We are currently considering moving to dedicated machines but only because of 2), otherwise we would happily be their customer for life.



> never really felt their management front-end was in urgent need of an update

Even when it was hacked multiple times and customer VPSs compromised e.g.

http://arstechnica.com/business/2012/03/bitcoins-worth-22800...

Nothing is worse than spending weeks securing every aspect of your VPS only to have incidents like this appear. And worst of all ? To this day Linode never clearly said what happened or what they did to prevent it happening again.


Not sure why this is being downvoted but the whole Linode hack incident was a huge factor for me to switch all my VPS's over to digital ocean.


I went to Vultr. DO's interface is just as bad if not worse than Linode's. :(


Its not that bad, it has been updated frequently though. Seems to be getting better.

I do remember it being quite lacking back in the day.


I haven't used DO since 2013 and I probably won't since I'm extremely happy with Vultr, but it's good to know that it's been improved!


I chose vultr over DO because DO used so many external web services to run their site. Every new page at their site required me to turn on 5 more domains in NoScript. Vultr only required me to enable their site. The performance at vultr was also very good for what I needed: test servers.


Why Vlutr and not something like Scaleway (https://www.scaleway.com/)?

I've recently switched from DO to Scaleway and would never go back.


Actually, I did try Scaleway when I saw them on HN like 9 months ago! I recompiled a Go program I was working on [1] for ARM and benched it against Linode.

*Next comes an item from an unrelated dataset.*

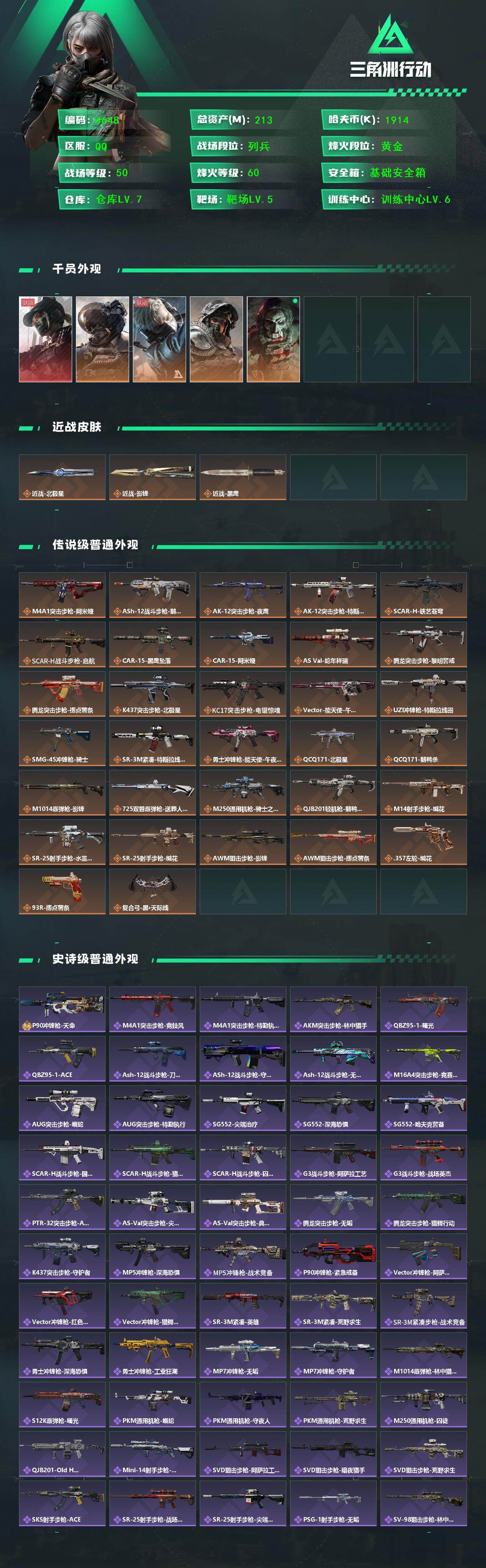 213m总资产-1914k哈伏币-60烽火等级-黄金-50战场等级-列兵【干

It was literally 10x slower than Linode even after playing around with Go's concurrency level to find the fastest runtime, and even with the dataset in memory. :( ARM just wasn't the right arch for what I was doing.

I ended up going with Vultr because it has the $5 pricepoint for hosting tiny websites and tons of datacenter locations. Their CPU performance and network speed were great in my tests.

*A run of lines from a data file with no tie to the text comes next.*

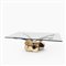 Il piano in vetro misura 160x80 cm; la scultura in bronzo misura H 50x110x50 cm.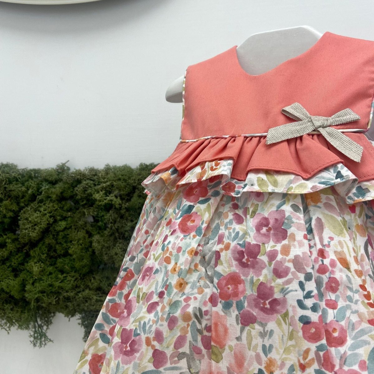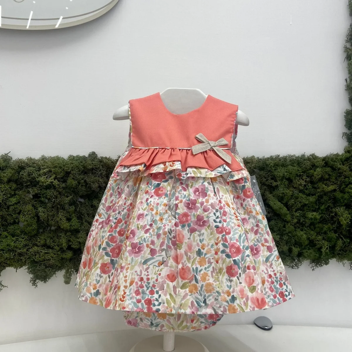 Abitino con culotte con fantasia a fiori e fiocco.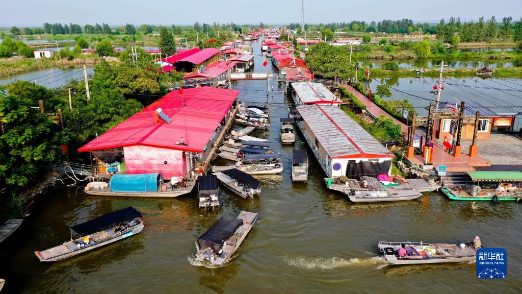 初秋,湖光瀲滟處水鳥掠過,蘆葦隨風飄揚。鳥鳴蛙叫中,讀書聲、歡笑聲伴著搖曳的漁燈,譜成了微山湖上一首美妙的樂曲。

[1] https://github.com/robinsonstrategy/go_backtesting_simulator...


It "does the job" but it's not as pleasant to use as it could be. A lot of the navigation is pointless and confusing, information is often buried several levels deep, and there's missing information on some of the detail screens you need to go back to the main listing to find: Instance type is only shown on the main list, not the individual instance tab, for example.

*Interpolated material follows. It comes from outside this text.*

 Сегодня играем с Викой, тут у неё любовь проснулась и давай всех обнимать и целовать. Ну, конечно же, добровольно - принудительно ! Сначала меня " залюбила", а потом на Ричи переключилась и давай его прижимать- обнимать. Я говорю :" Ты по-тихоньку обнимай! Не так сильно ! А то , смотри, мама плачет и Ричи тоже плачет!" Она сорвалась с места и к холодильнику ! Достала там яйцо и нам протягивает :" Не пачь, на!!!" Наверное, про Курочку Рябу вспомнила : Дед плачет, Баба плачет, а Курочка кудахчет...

If GitHub had never improved their site since they launched it would be awful. Every time they move things forward I'm happier to be a paying customer. With Linode I reluctantly use them, but for new projects I'm using other services that work better.


Same here, moving to a dedicated server from a Linode this week. For slightly under 2x the monthly cost I'm paying at Linode, I can get a dedicated server with 8x the memory, infinity more transfer on the same size pipe (unmetered 100Mbps connection), 20x more disk space, and 2x the CPU, and all dedicated so no worries about phantom performance problems related to other tenants. Lish &c are a big plus for virtualized nodes, but I think I'll live without it.